Donwa Dethwelson Lapang (born 10 April 1934), popularly known as Dr. D. D. Lapang, is a politician from Meghalaya, India, and a former Chief Minister of Meghalaya.

He started his life as a road labourer and worked his way up to become Sub-Inspector of schools. His father's name was Donwa War. In 1958, he married Amethyst Lynda Jomes Blah.

In 1972 he became MLA (Member of Legislative Assembly) from Nongpoh as an independent candidate. And later in 1992 to February, 1993 he was the state Chief Minister. On 4 March 2003 he was again sworn in as Chief Minister.
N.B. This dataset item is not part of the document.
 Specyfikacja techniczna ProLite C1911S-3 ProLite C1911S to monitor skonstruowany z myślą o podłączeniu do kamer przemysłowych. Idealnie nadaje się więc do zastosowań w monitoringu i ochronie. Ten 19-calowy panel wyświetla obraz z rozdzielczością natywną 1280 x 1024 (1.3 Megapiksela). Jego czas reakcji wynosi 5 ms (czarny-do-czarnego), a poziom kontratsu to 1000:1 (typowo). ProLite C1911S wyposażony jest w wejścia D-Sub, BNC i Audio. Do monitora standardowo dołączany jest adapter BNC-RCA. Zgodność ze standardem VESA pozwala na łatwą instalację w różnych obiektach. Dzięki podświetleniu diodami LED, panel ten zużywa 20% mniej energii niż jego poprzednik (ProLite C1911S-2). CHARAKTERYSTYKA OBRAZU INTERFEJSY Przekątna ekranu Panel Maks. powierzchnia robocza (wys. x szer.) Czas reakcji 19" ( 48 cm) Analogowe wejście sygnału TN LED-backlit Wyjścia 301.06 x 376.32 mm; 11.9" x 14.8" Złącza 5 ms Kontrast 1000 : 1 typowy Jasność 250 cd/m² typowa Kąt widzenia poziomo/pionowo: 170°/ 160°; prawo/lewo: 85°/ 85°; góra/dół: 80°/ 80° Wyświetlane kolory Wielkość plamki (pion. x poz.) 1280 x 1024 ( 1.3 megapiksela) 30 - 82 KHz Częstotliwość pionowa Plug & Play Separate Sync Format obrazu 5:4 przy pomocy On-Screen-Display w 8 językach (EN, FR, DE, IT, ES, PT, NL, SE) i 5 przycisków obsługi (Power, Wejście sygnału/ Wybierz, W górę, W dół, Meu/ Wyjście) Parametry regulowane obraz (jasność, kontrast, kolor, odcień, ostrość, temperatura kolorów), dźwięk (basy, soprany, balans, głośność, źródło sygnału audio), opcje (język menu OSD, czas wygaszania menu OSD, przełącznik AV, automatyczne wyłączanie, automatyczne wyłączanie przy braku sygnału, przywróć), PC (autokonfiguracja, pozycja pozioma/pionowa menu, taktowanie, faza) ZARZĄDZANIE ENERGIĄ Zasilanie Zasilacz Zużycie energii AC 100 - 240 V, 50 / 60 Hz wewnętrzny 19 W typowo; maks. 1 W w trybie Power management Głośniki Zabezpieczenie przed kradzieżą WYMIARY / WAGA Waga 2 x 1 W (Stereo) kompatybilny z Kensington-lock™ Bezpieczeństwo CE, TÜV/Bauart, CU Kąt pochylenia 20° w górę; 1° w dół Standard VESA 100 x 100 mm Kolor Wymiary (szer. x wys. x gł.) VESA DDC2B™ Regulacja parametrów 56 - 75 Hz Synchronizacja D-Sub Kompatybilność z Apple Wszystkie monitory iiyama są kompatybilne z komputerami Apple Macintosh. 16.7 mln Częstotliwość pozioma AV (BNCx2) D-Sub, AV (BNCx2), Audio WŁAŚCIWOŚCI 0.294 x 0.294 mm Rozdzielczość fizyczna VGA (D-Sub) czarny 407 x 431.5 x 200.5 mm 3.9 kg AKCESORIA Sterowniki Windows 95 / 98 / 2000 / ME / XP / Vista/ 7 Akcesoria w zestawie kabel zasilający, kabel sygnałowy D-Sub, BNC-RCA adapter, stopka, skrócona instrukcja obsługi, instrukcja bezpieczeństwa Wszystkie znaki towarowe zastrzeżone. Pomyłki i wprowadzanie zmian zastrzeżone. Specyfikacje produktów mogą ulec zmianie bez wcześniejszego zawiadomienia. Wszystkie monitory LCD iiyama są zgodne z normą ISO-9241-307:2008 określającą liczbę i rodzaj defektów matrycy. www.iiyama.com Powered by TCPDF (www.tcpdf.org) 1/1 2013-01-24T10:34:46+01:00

He resigned from the position on 15 June 2006 due to dissidence in the coalition government.

He took office as Chief Minister again in March 2007. His party, the Indian National Congress, won a plurality of seats in the March 2008 state legislative election, and Lapang was sworn in as Chief Minister on 10 March 2008, but with the support of only 28 members of the 60 seat legislature, he resigned on 19 March.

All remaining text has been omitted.